Retype exactly the lines from the one that contains "LOT (2) FIRE" through the end of the listing, both included, but not the pictures.

### Data block
++++
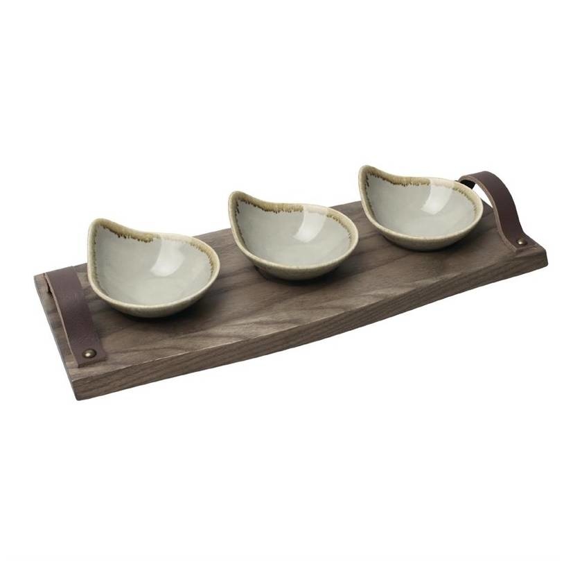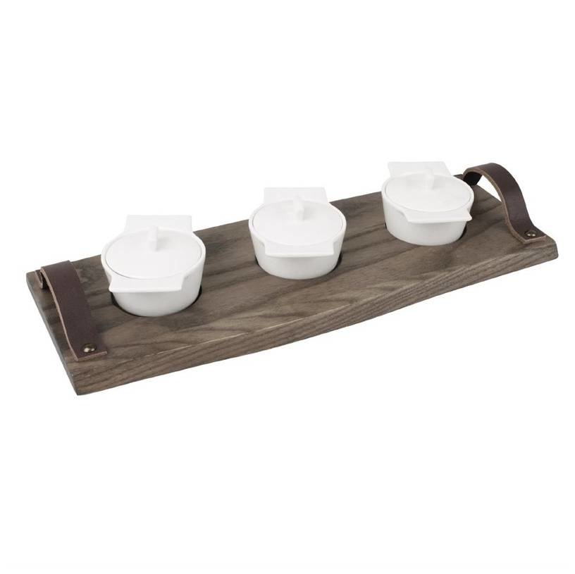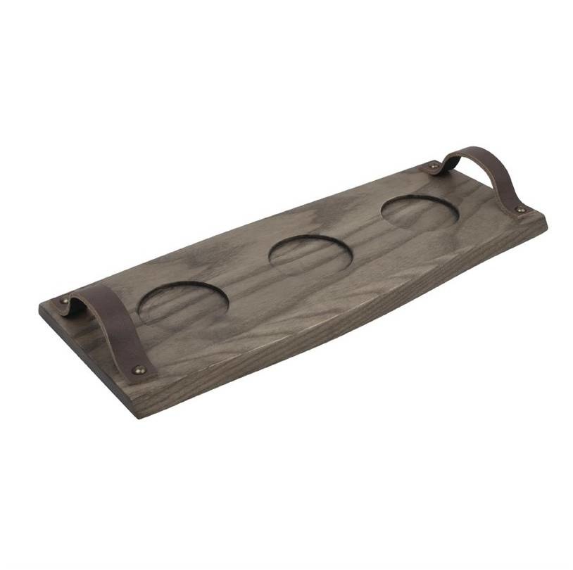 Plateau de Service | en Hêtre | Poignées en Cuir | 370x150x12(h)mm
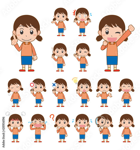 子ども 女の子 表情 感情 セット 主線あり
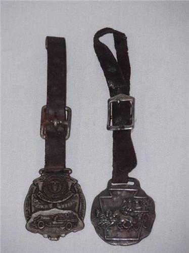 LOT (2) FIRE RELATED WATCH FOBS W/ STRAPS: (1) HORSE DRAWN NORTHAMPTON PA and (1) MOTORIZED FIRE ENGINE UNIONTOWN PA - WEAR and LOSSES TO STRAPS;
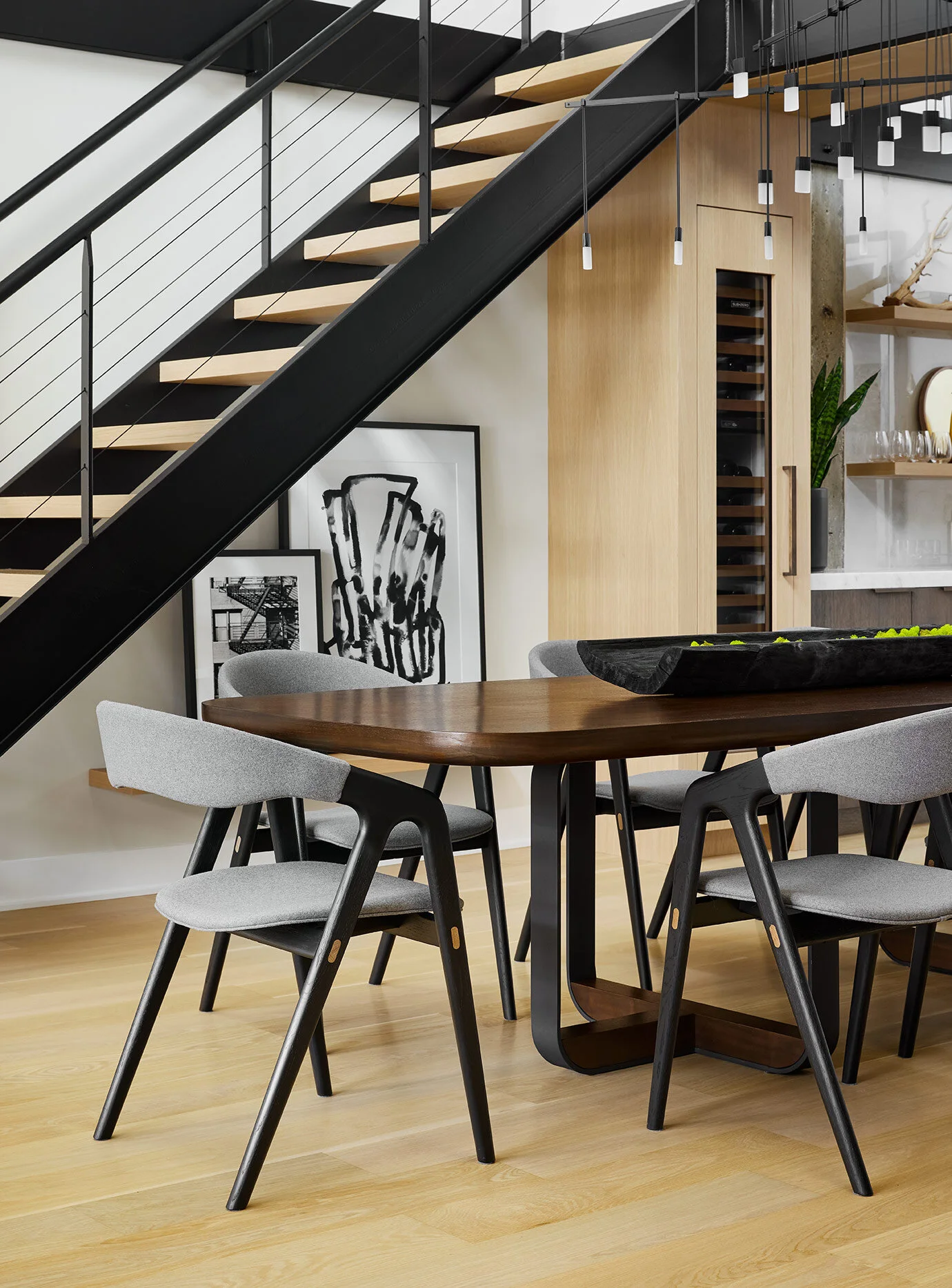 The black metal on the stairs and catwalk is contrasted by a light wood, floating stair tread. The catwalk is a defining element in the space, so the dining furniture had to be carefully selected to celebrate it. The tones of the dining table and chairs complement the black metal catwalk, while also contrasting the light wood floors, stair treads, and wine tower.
++++
### Your response
 LOT (2) FIRE RELATED WATCH FOBS W/ STRAPS: (1) HORSE DRAWN NORTHAMPTON PA and (1) MOTORIZED FIRE ENGINE UNIONTOWN PA - WEAR and LOSSES TO STRAPS;
 The black metal on the stairs and catwalk is contrasted by a light wood, floating stair tread. The catwalk is a defining element in the space, so the dining furniture had to be carefully selected to celebrate it. The tones of the dining table and chairs complement the black metal catwalk, while also contrasting the light wood floors, stair treads, and wine tower.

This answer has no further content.